* **What needs to be done**: Excluding pictures, what does the listing below contain from the line with "Boite en carton" up to and including the line with "Then go to your", word for word?
Top of Record set
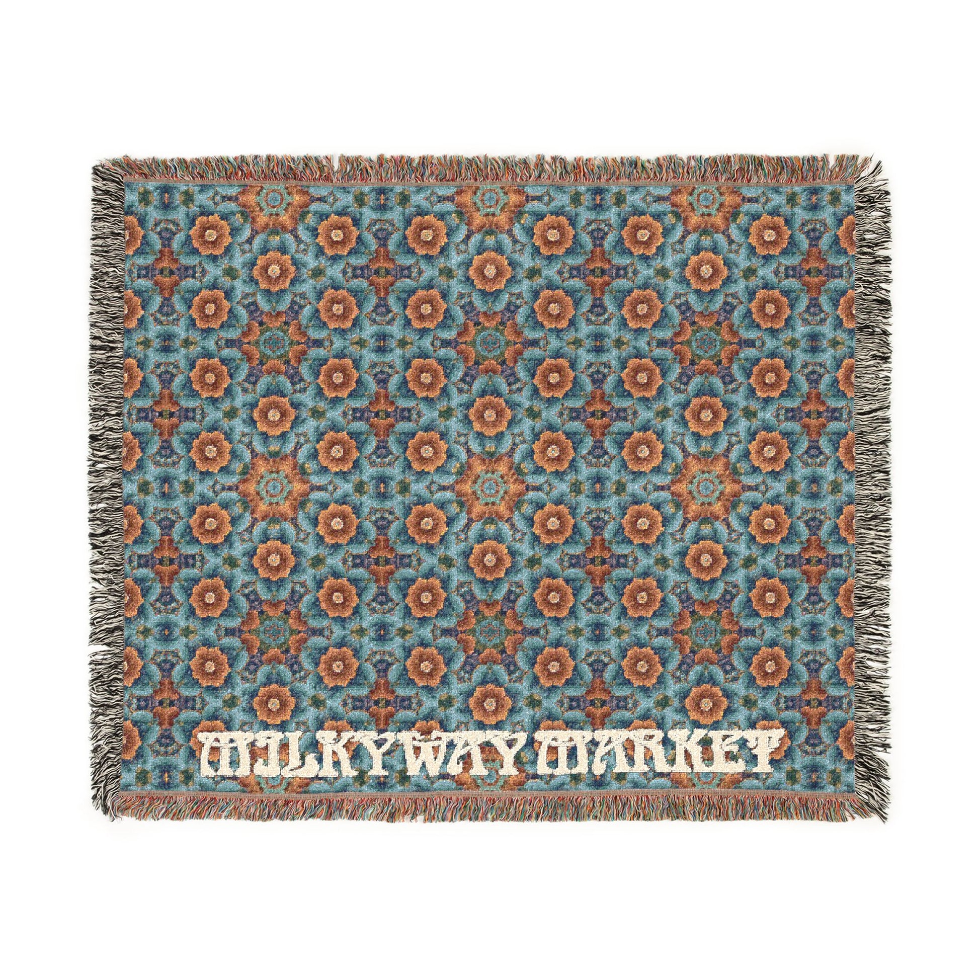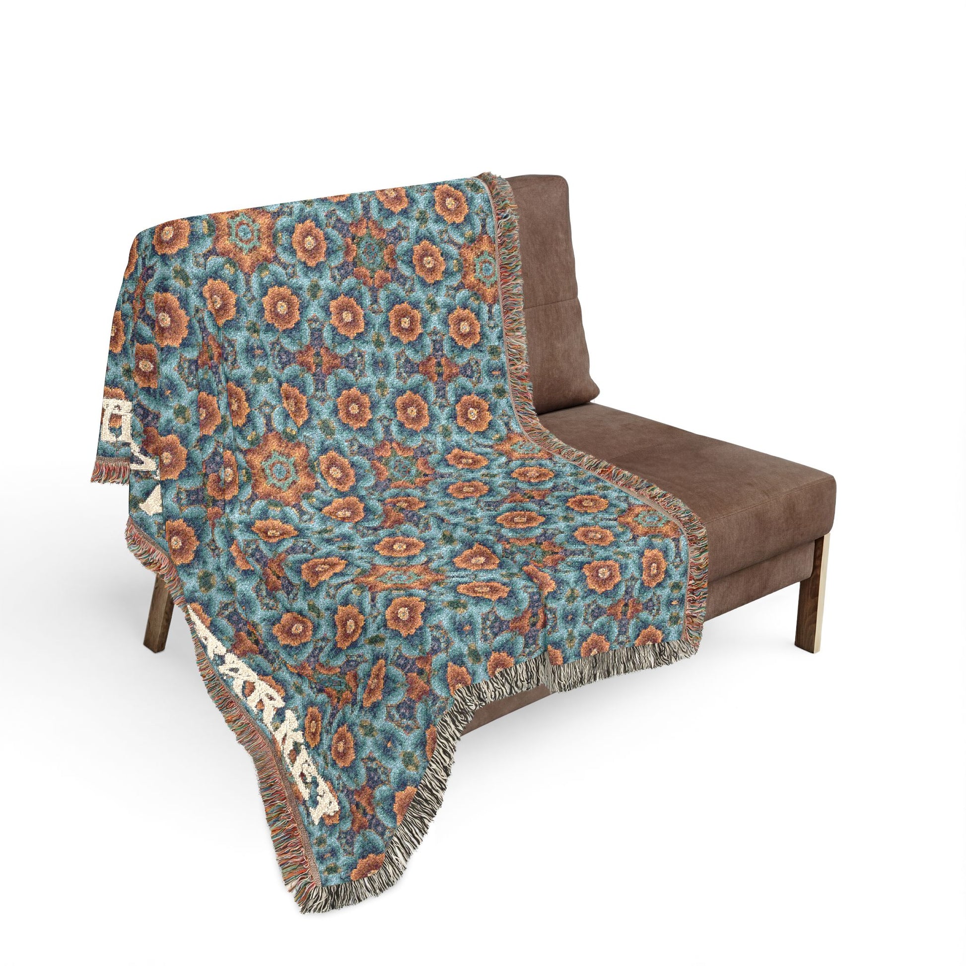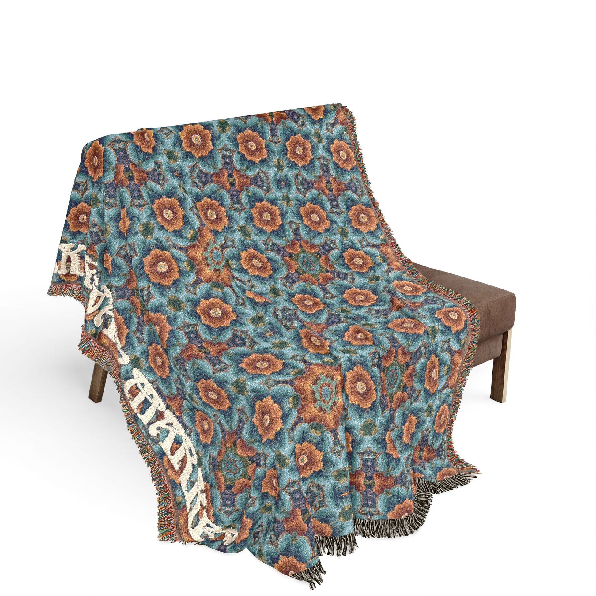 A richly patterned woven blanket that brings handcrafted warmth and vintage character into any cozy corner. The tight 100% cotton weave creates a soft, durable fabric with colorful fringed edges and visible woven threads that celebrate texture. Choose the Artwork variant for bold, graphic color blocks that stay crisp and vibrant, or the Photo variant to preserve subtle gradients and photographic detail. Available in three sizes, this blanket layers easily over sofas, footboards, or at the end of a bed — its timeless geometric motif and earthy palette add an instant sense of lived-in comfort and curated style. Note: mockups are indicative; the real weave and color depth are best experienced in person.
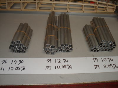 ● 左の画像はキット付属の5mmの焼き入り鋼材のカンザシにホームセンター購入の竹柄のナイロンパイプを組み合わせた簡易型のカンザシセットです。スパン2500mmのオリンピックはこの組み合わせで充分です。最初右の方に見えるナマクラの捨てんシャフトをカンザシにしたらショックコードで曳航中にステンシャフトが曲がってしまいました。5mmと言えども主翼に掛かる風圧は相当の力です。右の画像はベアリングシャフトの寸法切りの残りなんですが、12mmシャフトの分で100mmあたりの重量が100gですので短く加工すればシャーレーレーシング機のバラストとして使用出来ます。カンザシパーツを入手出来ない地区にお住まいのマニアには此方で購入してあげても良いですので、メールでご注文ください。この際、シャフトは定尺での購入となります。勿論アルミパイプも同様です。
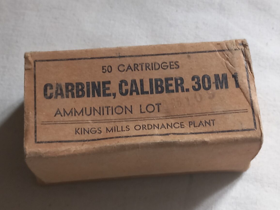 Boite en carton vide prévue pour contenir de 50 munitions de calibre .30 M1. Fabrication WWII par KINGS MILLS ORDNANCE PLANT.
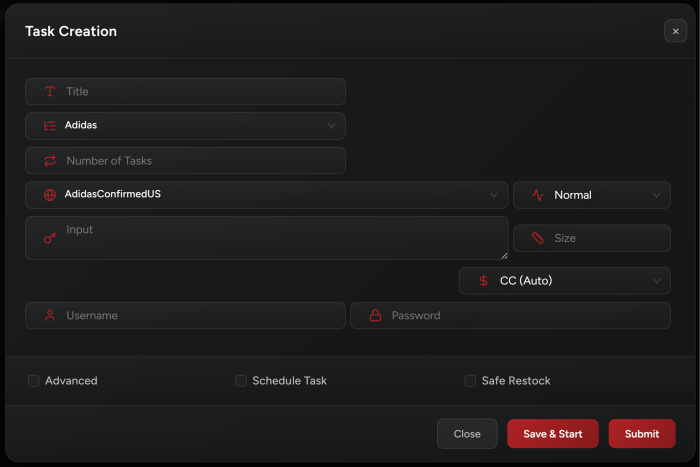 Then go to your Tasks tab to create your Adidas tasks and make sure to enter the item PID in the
Bottom of Record set
Top of Record set
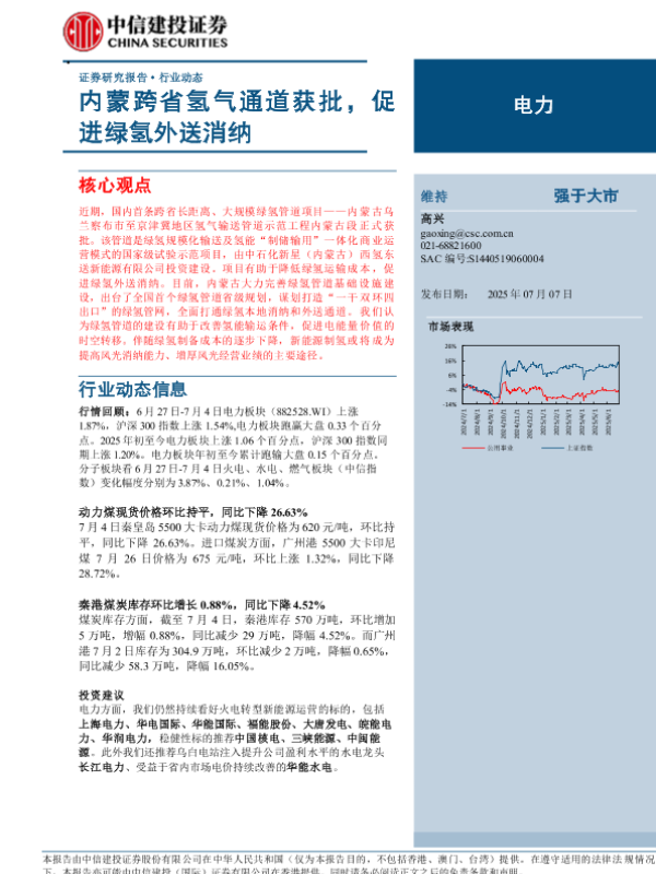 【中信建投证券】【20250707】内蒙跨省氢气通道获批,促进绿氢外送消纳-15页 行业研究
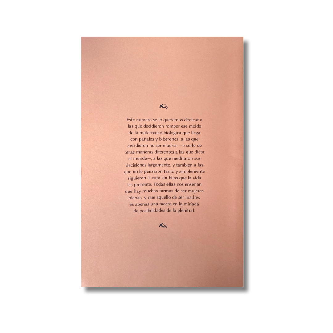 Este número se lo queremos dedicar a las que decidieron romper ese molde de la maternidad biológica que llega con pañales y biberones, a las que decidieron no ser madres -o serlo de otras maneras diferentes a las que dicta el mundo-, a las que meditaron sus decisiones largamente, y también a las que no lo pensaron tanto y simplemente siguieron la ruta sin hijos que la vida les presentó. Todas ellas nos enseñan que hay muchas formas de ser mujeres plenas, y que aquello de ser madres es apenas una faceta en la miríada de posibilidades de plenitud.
Bottom of Record set
Top of Record set
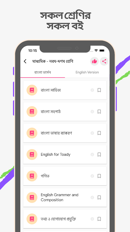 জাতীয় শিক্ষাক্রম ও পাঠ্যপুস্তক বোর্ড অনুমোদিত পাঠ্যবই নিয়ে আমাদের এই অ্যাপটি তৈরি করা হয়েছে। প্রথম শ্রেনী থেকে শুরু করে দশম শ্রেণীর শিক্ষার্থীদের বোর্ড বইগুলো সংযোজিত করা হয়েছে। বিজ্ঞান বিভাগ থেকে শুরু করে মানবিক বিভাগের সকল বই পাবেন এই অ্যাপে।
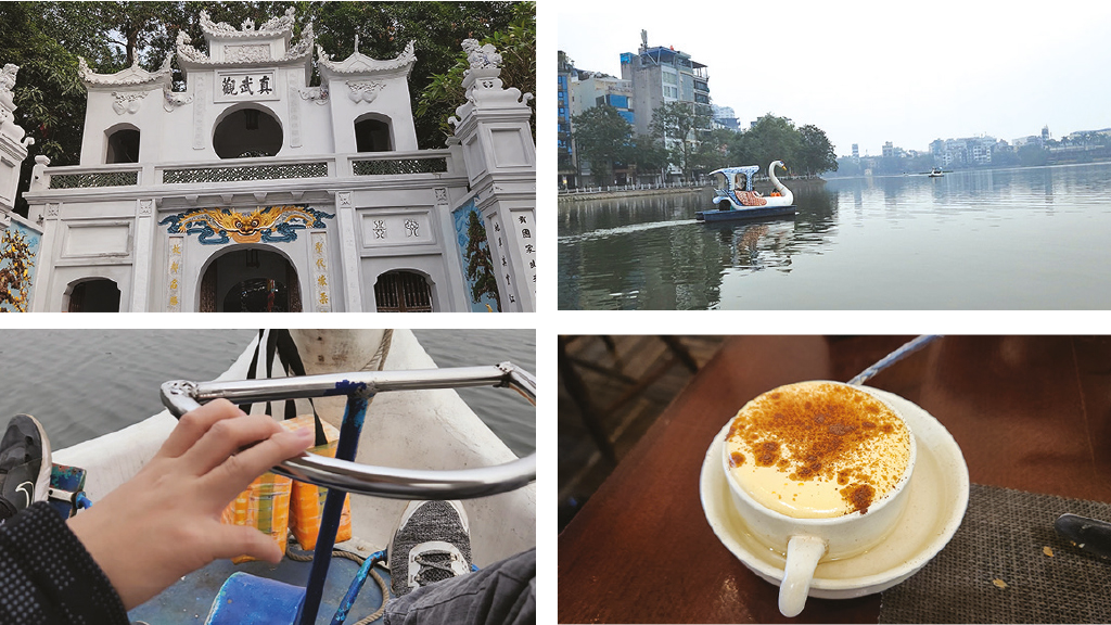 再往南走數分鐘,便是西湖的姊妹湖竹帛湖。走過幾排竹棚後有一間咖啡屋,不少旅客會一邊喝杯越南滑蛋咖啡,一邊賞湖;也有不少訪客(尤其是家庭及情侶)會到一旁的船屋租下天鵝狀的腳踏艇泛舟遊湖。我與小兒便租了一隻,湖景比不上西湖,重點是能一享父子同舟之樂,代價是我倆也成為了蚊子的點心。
Bottom of Record set
* **Output of the task**:
 Boite en carton vide prévue pour contenir de 50 munitions de calibre .30 M1. Fabrication WWII par KINGS MILLS ORDNANCE PLANT.
 Then go to your Tasks tab to create your Adidas tasks and make sure to enter the item PID in the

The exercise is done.